HSBC Bank Canada recorded net income of $41 million for its latest quarter. That’s down from $51 million for the second quarter of 2001, a decrease of 19.6%.

The decrease is largely the result of a one-off restructuring cost of $28 million due the withdrawal from institutional equity sales, trading and research activities, said Martin Glynn, president and CEO, in a news release. “The decision to withdraw from institutional equities sales, trading and research activities was a difficult one, but we believe that it was necessary. We must ensure that we continue to operate in businesses that are profitable or strategically relevant to our North American and international operations.”

“The expansion of our wealth management business is a core component of HSBC’s overall growth strategy for Canada. As we continue to implement this strategy, I am confident that we will be successful in maintaining our reputation for outstanding customer service.”

Net interest income for the second quarter of 2002 was $213 million, an increase of $27 million over the second quarter of 2001. The increase in net interest income in the first half of 2002 was driven primarily by growth residential mortgages as the low interest rate environment had a positive impact on the housing market across Canada. The net interest margin widened to 2.86% for the half, compared with 2.67% for the similar period in 2001.

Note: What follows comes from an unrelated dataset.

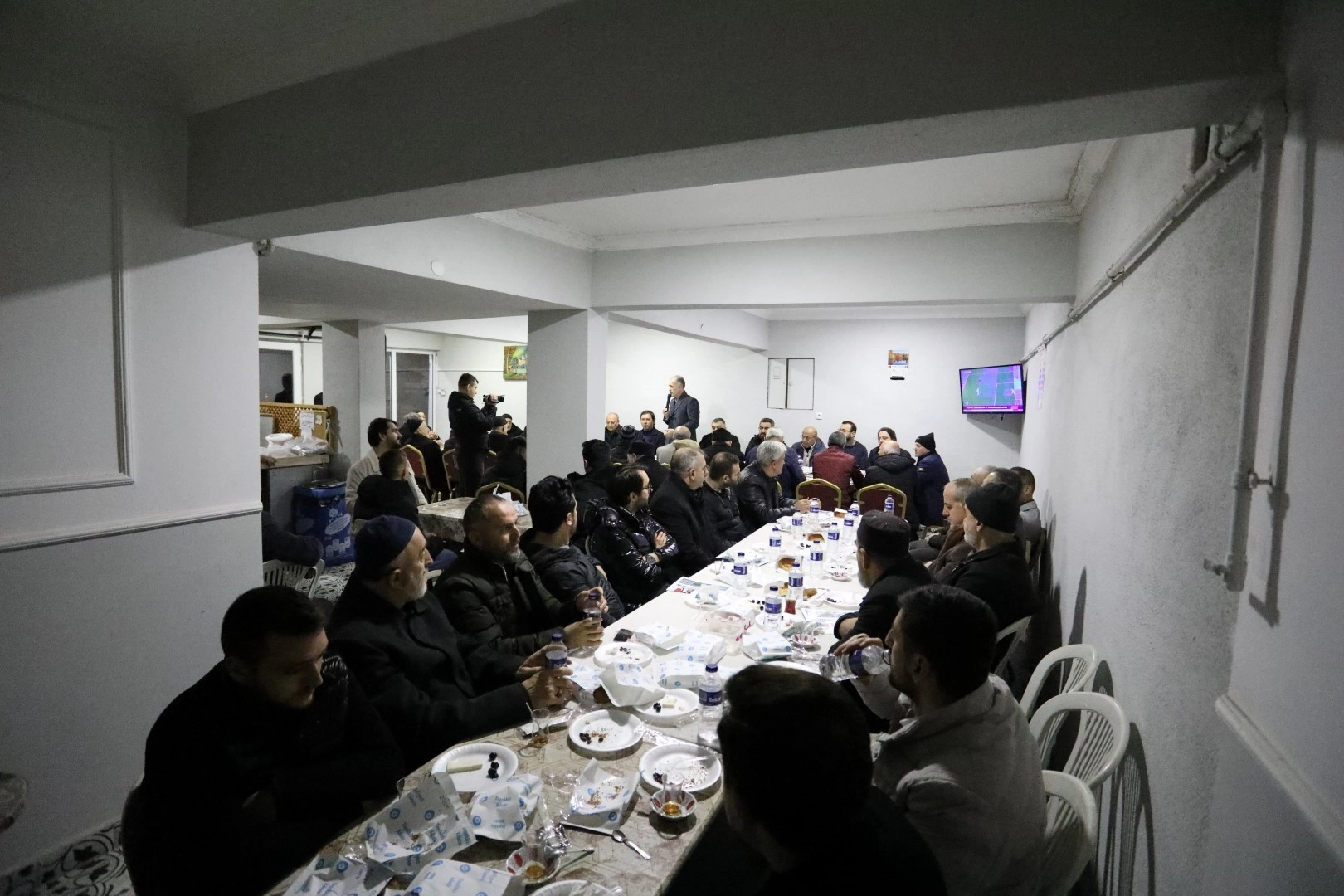 MAHALLENİN SORUNLARI KONUŞULUYOR Vatandaşların istek, şikayet ve dileklerini ilk ağızdan Başkan Taban ve ilgili yöneticilere ilettiği Bereket Sofrası Halk Günleri etkinliğinde kılınan sabah namazının ardından mahalle sakinleri ve cami cemaatiyle simit, zeytin ve peynir ile kahvaltı yapılırken, aynı zamanda mahallenin ve bölgenin sorunları dinlenerek birlikte ortak çözümler üretiliyor. Belediye Başkanı Alper Taban ile beraberindeki AK Parti İlçe Başkanı Mustafa Durmuş, Belediye Başkan Yardımcısı Emin Dündar, meclis üyeleri ve AK Partili yöneticilerin katılımıyla gerçekleşen Bereket Sofrası etkinliğinde, sabah namazının kılınmasının ardından caminin avlusunda bulunan çay ocağında cemaatle birlikte kahvaltı sofrasına geçildi.

Non-interest expenses were $205 million in the quarter, compared to $172 million in the second quarter of 2001. Salaries and employee benefits were lower due primarily to lower performance-based compensation. Other non-interest expenses, excluding restructuring costs, were higher primarily due to a one-off operating loss.

The provision for credit losses was $43 million in the quarter, compared to $25 million in the second quarter of 2001. The higher provision level in the second quarter of this year related to an exposure in the telecommunications sector. The allowance for credit losses was in excess of impaired loans by $12 million.

Funds under management were $11 billion, compared to $11.1 billion at March 31 and $10 billion at the end of June 2001. Net new funds invested by customers during the second quarter of 2002 offset the fall in the equity markets over the same period. Including custody and administration balances, total assets under administration were $15.4 billion, an increase of $2 billion over 31 March 2002. This increase was attributed to HSBC Securities (Canada) Inc. assuming carrying broker activities for Merrill Lynch HSBC Canada Inc. in the second quarter of 2002.